26 Oct 2012

Berlusconi given prison sentence for tax fraud

After being sentenced to four years in prison for tax fraud, former Italian prime minister Silvio Berlusconi has his sentence cut to a year by a Milan court and may never go to jail.

Berlusconi, who has served as prime minister four times, was given the four-year jail sentence for tax fraud in relation to the purchase and sale of media rights by his company Mediaset. Shortly afterwards, the sentence was cut to a year because of an amnesty law designed to cut prison overcrowding.

The politician, who also owns AC Milan football club, may yet escape prison.
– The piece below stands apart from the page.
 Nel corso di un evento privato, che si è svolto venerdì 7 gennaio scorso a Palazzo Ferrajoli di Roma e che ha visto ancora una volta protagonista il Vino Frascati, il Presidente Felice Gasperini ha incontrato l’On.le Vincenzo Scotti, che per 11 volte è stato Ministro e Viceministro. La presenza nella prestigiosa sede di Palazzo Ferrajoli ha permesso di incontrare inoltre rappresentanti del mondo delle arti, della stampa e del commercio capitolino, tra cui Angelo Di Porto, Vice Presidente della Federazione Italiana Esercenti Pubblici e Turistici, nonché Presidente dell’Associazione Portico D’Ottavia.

In Italy, verdicts can be appealed twice before they become final and no jail time is served until the end of the appeal process.

But the ruling does mean that Berlusconi has been barred from holding political office for three years. Earlier in the week, he announced he would not run in next year’s elections as the leader of his centre-right People of Freedom (PDL) party.
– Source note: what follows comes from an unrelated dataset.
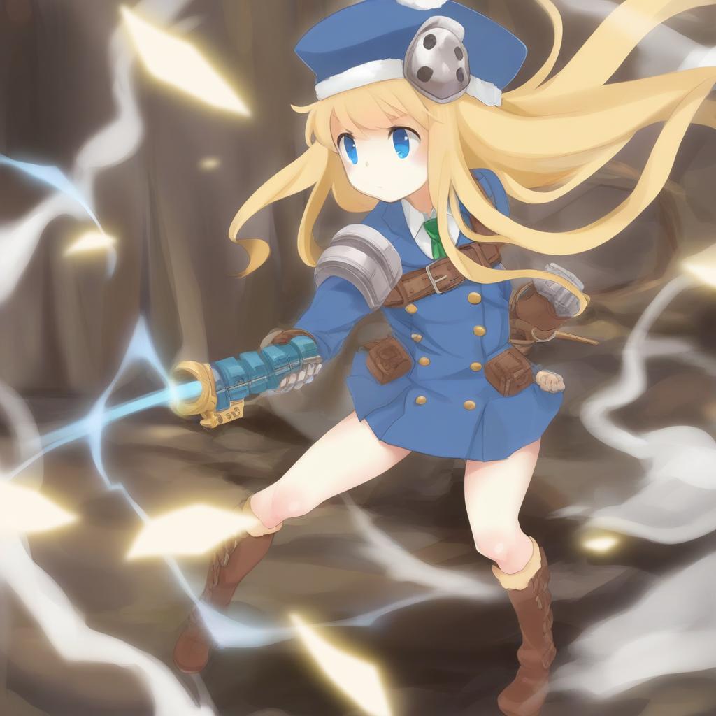 Gunner 2 (sekaiju), sekaiju no meikyuu, 1girl, blue eyes, blonde hair, long hair, hat, by artist djheycha, leet
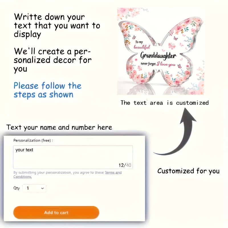 Engraved Granddaughter Memorial Plaque Acrylic Butterfly with Frame and Desk Decor

Berlusconi was in court alongside 10 others in relation to a scheme to purchase US film rights through a series of offshore companies. The defendants were also accused of falsely declaring payments in order to avoid paying taxes.

It was also alleged that Berlusconi’s companies had inflated the prices of film rights when relicensing them in order to pocket a larger difference. Prosecutors had asked for a sentence against Berlusconi of three years and eight months.

The court ordered damages provisionally set at 10m euros to be paid by Berlusconi and his co-defendants to tax authorities.

“Judicial persecution”

The conviction was the media mogul’s first; other criminal probes and trials had ended in acquittal or were thrown out for statute of limitations. The 76-year-old media mogul was not in the courtroom for the verdict on the case.

Mediaset chairman Fedele Confalonieri, for whom prosecutors had sought a sentence of three years and four months, was acquitted.

Angelino Alfano, secretary of the PDL, said the ruling proved once again “judicial persecution” of the media-magnate. However, political rival Antonio Di Pietro said “the truth has been exposed”.

A separate trial over accusations that Berlusconi paid for sex with an underage prostitute is currently being heard in Milan. He denies all charges against him.